Question

The shortest wavelength of the Brackett series of a hydrogen-like atom (atomic number $= Z$) is the same as the shortest wavelength of the Balmer series of hydrogen atoms. The value of $Z$ is:
(A) $2$
(B) $3$
(C) $4$
(D) $6$

Answer 1

Hint
the value of the $Z$ can be determined by using the wave length formula of the atomic spectra. The equation of the wavelength of the brackett series of hydrogen is equated with the equation of the wavelength of the Balmer series, then the value of $Z$ can be determined.
The wavelength formula for the Balmer series is given by,
$\Rightarrow \dfrac{1}{\lambda } = R\left( {\dfrac{1}{{n_1^2}} - \dfrac{1}{{n_2^2}}} \right)$
Where, $\lambda$ is the wavelength, $R$ is the Rydberg constant and $n$ is the number of spectrums.
The wavelength formula for the Bracket’s series is given by,
$\Rightarrow \dfrac{1}{\lambda } = R{Z^2}\left( {\dfrac{1}{{n_1^2}} - \dfrac{1}{{n_2^2}}} \right)$
Where, $\lambda$ is the wavelength, $R$ is the Rydberg’s constant, $Z$ is the atomic number and $n$ is the number of spectrums.

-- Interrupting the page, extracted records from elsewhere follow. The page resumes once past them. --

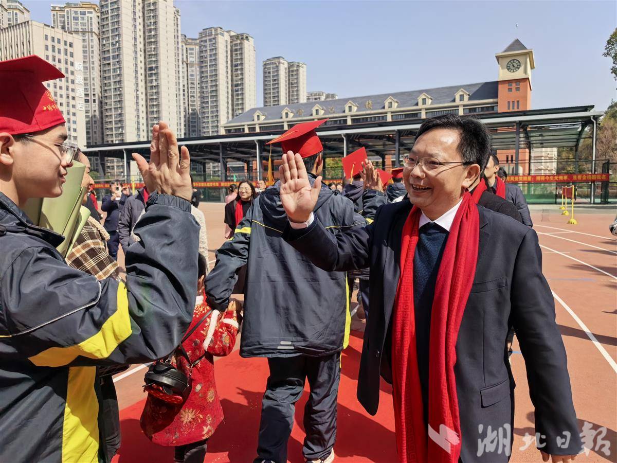 十堰市郧阳中学举行2026届高三成人礼,学校老师给学生击掌鼓劲。(湖北日报通讯员金勤 摄)
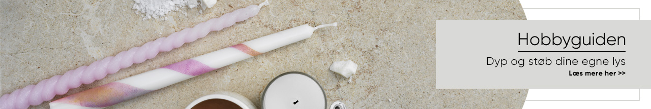 Har du set vores nye lysskole? Den indeholder alt, hvad du behøver at vide for at dyppe eller støbe stearinlys. Men også tips til dekoration, eller hvordan man maler og skriver tekst på færdige stearinlys. Du kan selvfølgelig også lave en helt personlig adventsstage eller lave dine egne flotte lysestager med levende lys. Støb lys og bland en dejlig duft af kanel i, der spreder julestemning i hele hjemmet. Her finder du lysmasse, bivoks, sojavoks, juletræslys, væger og lysestager til at lave dine egne julelys. Vi har selvfølgelig også julebelysning og lyskæder, som du kan bruge til at lyse op i både vinduer og små vinterlandskaber i den hyggelige juletid. Lad julefreden sænke sig med stemningsfuldt lys.
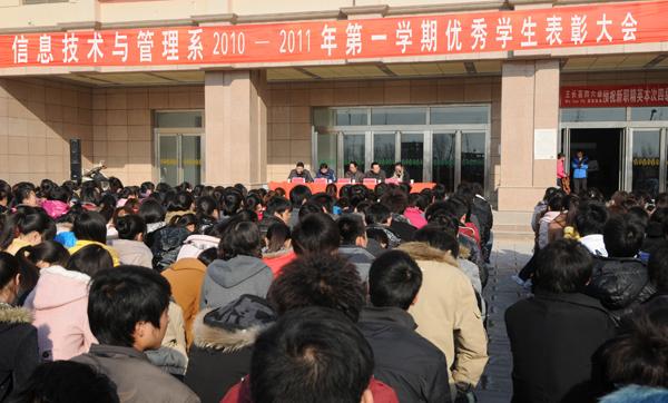 3月10日下午,信息技术与管理系全体学生召开了隆重的表彰大会。表彰会上对上学期的先进班级,三好学生,优秀班干部,优秀学生会干部进行了表彰。四位各专业的优秀学生代表分别向与会学生介绍了各自的学习方法,畅谈了人生理想。系领导郝同武、赵志强、原伟从自信心的树立,学习习惯的培养,以及对新学期工作的决心,向全体师生提出了新的要求。
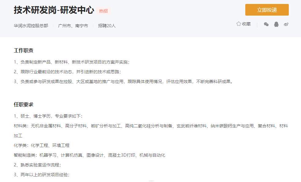 技術(shù)研發(fā)崗共招聘20人,任職要求碩士、博士學(xué)歷專業(yè)要求材料類:無機非金屬材料、高分子材料、巖礦分析與加工、高純二氧化硅分析與制備、玄武巖纖維材料、納米碳酸鈣生產(chǎn)與應(yīng)用、復(fù)合材料、材料加工;化學(xué)類:化學(xué)工程、環(huán)境工程;智能制造類:機器學(xué)習(xí)、計算機仿真、圖像設(shè)計、混凝土3D打印、機械與自動化。并且要求熟悉實驗室運作流程和兩年以上的研發(fā)項目經(jīng)驗。
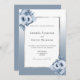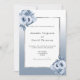 Sur le devant : Un arrière - plan sombre bleu et blanc poussiéreux avec un faux cadre argenté. Décoré de fleurs aquarelles, de fleurs aux tons bleus. Modèles pour les noms de la mariée et du marié et les détails du parti. Le texte est écrit avec des lettres de couleur noire. Dos : arrière - plan bleu poussiéreux.
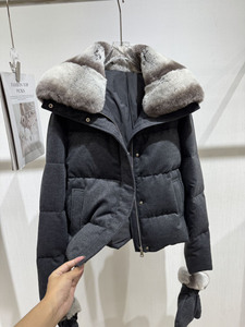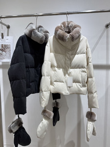 冬季新款高级简约鹅绒外套女2025濑兔毛领赠送手套保暖面包羽绒服
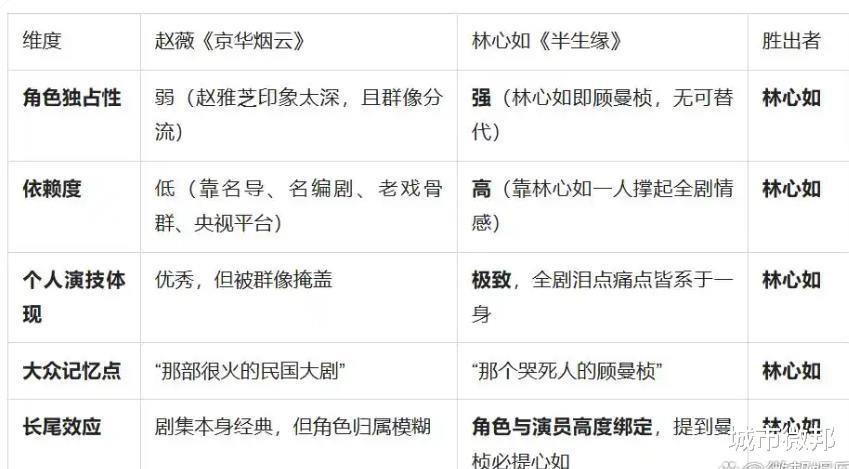 这两点如果成立,那么《半生缘》作为林心如个人代表作的地位,确实要比《京华烟云》作为赵薇代表作的地位更加纯粹和稳固。
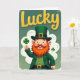 This card shows a smiling leprechaun front and center, with rosy cheeks and a thick orange beard that frames his face like a cozy collar. He’s dressed in deep green from top hat to suit, with shiny gold buttons and a gold buckle catching the light as if someone just brushed them for a night out. His arm reaches forward to offer a four-leaf clover 💚, and the gesture feels friendly and a little flirty, like he’s sharing a secret charm with someone close. A smaller shamrock floats nearby ☘️, tucked among soft white cloud shapes that curl around the scene. Above his head, the word “Lucky” sits near the top in golden lettering, arched like a small banner over his hat. The background is a textured green wash that looks brushed on, giving the whole image a warm, storybook setting. The greens range from dark emerald to lighter leaf tones, while the gold accents pop against the orange beard and the pale clouds. Near the top center, “Lucky” glows in gold above the leprechaun’s hat, with white cloud forms drifting around his raised hand and clover.
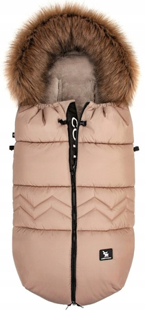 • Cottonmoose ciepły, zimowy Śpiworek Moose (Yukon) __x__ cm do wózka dziecięcego 4w1 z suwakiem z przodu (do gondoli, spacerówki, większego fotelika, sanek), Camel (beżowy z beżowym środkiem, brązowym odpinanym futerkiem)
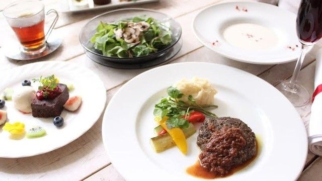 With natural light shining through our greenery-filled windows, we offer you a wide space where you can feel the warmth of trees. Be awed by our antique furniture and tableware directly imported from Morocco in our white, wood-based interior. We harness aromatic spices and herbs for our salads. Our vegan pancakes are sweetened with plant-based syrup and beet sugar and satisfy your cravings well.
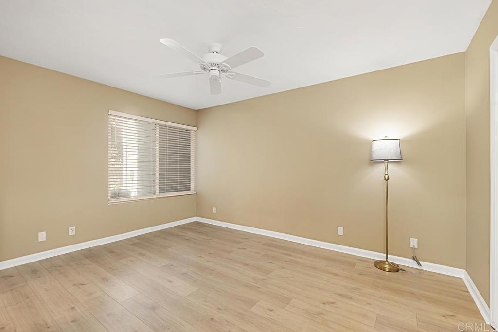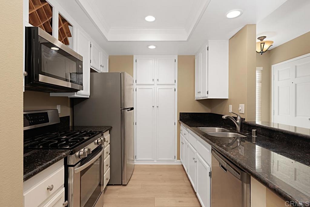 Beautiful end-unit, ground-level condo in the highly sought-after Shadowridge Aspens community. 2-bedroom + 1-bathroom home features a lovely kitchen with granite stone countertops and stainless steel appliances, remodeled bathroom with custom tiled tub surround, A/C, designer laminate flooring throughout, recessed lighting, ceiling fans, dual-pane vinyl windows and a custom California Closet organizer in the primary closet. Convenient in unit laundry room features a stackable washer and dryer. No problems parking here - unit comes with a detached 1-car garage. Enjoy the outdoors with a lovely private patio area overlooking the serene neighboring hillside. The complex enjoys access to a sparkling pool and spa. HOA provides trash, water, exterior maintenance and common area upkeep. Amazing location near shopping, grocery, restaurants, and just across the street from Shadowridge Golf Club. VA Approved complex.
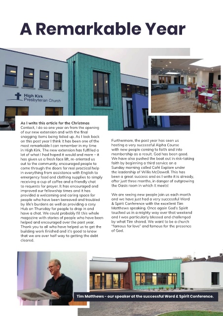 in High Kirk. The new extension has fulfilled a with new people coming to faith and into
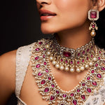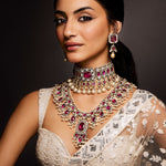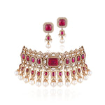 Legacy Bridal Ruby Polki Choker Set with Pearl Drops
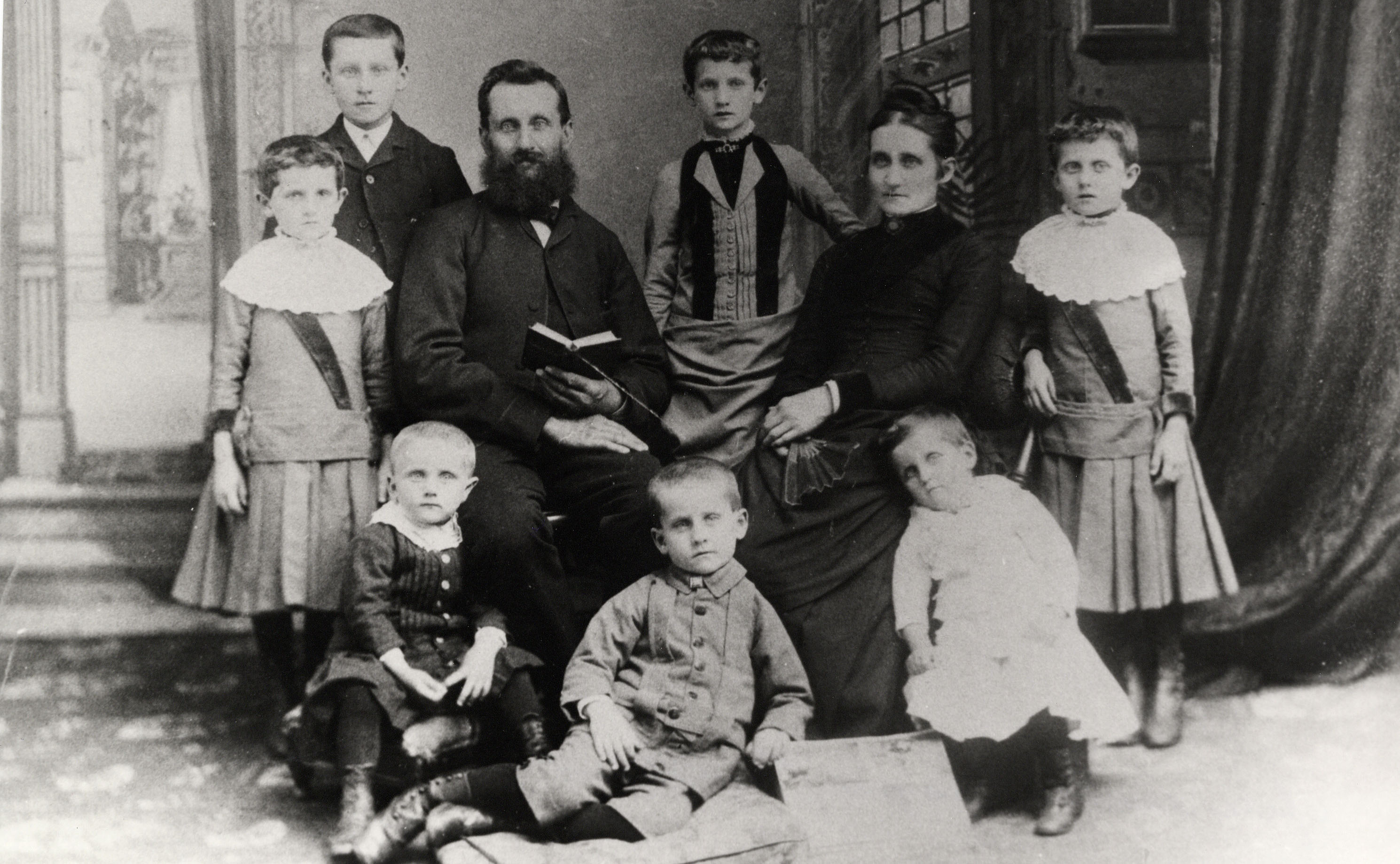 Portrait of Matthew Cooper Jr., his wife Maria Dutcher, and their family. Pictured from left to right: Front Row: Joseph (1884-?), Edward (1882-1903), and Emma (1884-?). Back Row: Ethel (1880-1976), Howard (1874-1964), Matthew Cooper (1842-1928), Florence (1876-1946), Maria (née Dutcher, 1849-1906), Eva (1880-1972). There were two sets of twins in this family: Ethel and Eva Joe and Emma
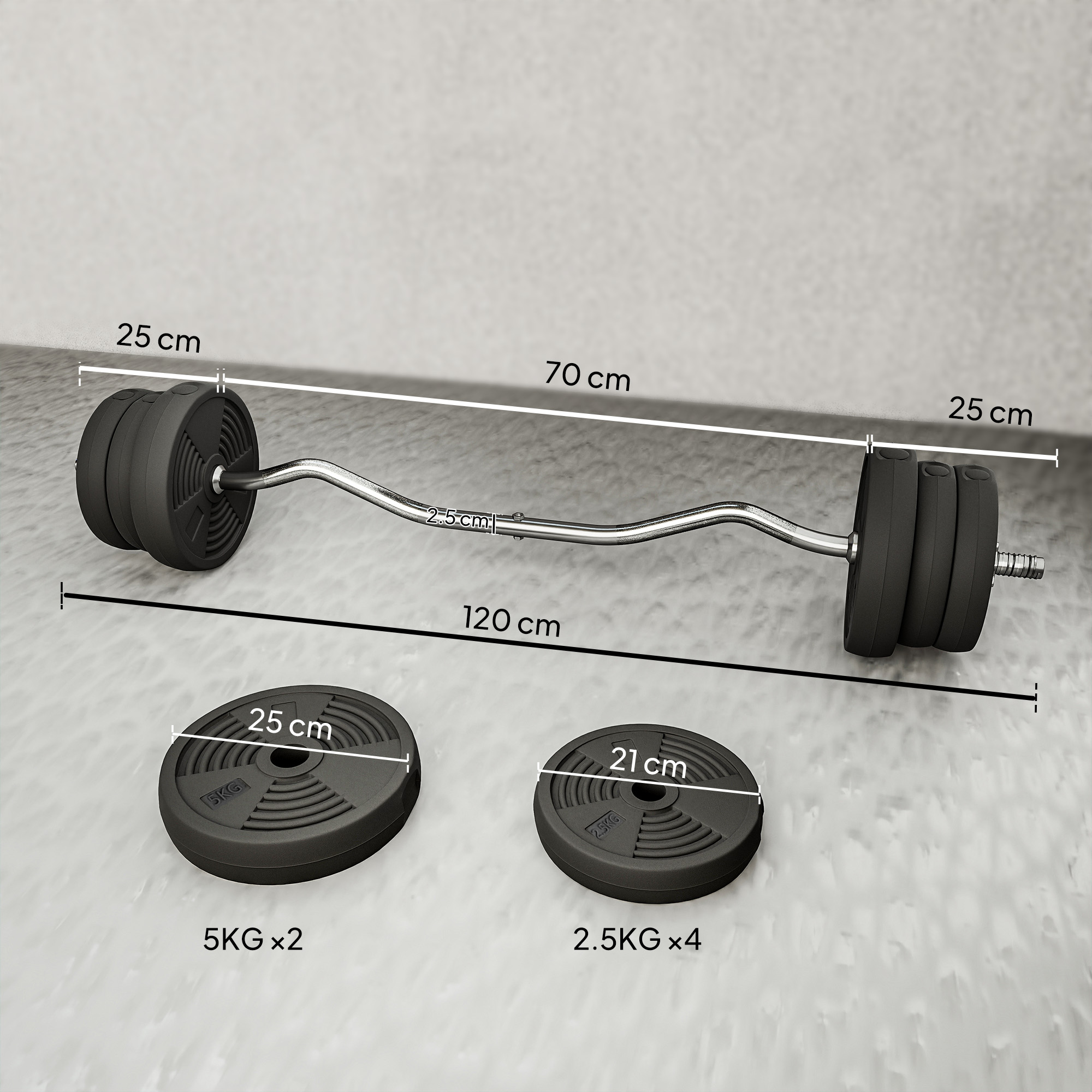 Arm curls, deadlifts, squats and much more, this SPORTNOW weights barbell set transforms your home gym and elevates your workouts. 25kg in total, this set comes with two 5kg and four 2.5kg weight plates and a 5kg bar. Designed for ease and comfort, its non-slip grip ensures sessions are safe and efficient, while the protective plastic coating keeps your gear in great condition. If you're looking to improve strength and fitness, this set is the one for you.

Complete step by step answer
Given that, The shortest wavelength so ${n_2} = 0$ for both the series.
The value of ${n_1}$ for the Balmer series is $2$
The value of ${n_1}$ for the Bracket series is $4$
By substituting the values of ${n_1}$ and ${n_2}$ in the Balmer series wavelength equation, then
$\Rightarrow \dfrac{1}{\lambda } = R\left( {\dfrac{1}{{{2^2}}} - \dfrac{1}{{{\infty ^2}}}} \right)$
On further simplification in the above equation, then
$\Rightarrow \dfrac{1}{\lambda } = R\left( {\dfrac{1}{4}} \right)\,....................\left( 1 \right)$
By substituting the values of ${n_1}$ and ${n_2}$ in the Bracket series wavelength equation, then
$\Rightarrow \dfrac{1}{\lambda } = {Z^2}R\left( {\dfrac{1}{{{4^2}}} - \dfrac{1}{{{\infty ^2}}}} \right)$
On further simplification in the above equation, then
$\Rightarrow \dfrac{1}{\lambda } = {Z^2}R\left( {\dfrac{1}{{16}}} \right)\,....................\left( 2 \right)$
By equating the equation (1) and equation (2), then
$\Rightarrow R\left( {\dfrac{1}{4}} \right) = {Z^2}R\left( {\dfrac{1}{{16}}} \right)$
By cancelling the same terms in the above equation, then
$\Rightarrow \dfrac{1}{4} = \dfrac{{{Z^2}}}{{16}}$
By rearranging the terms in the above equation, then
$\Rightarrow {Z^2} = \dfrac{{16}}{4}$
On dividing the above equation, then
$\Rightarrow {Z^2} = 4$
By taking square root on both sides, then
$\Rightarrow Z = 2$
Hence, the option (A) is the correct answer.

Note
In atomic spectra, there are a number of series available and each series have separate $n$ values. But the Rydberg’s constant value is the constant value which is common for all the atomic spectra series. The wavelength equation of the Balmer series and Bracket series is equated because in the question it is given that both are the same.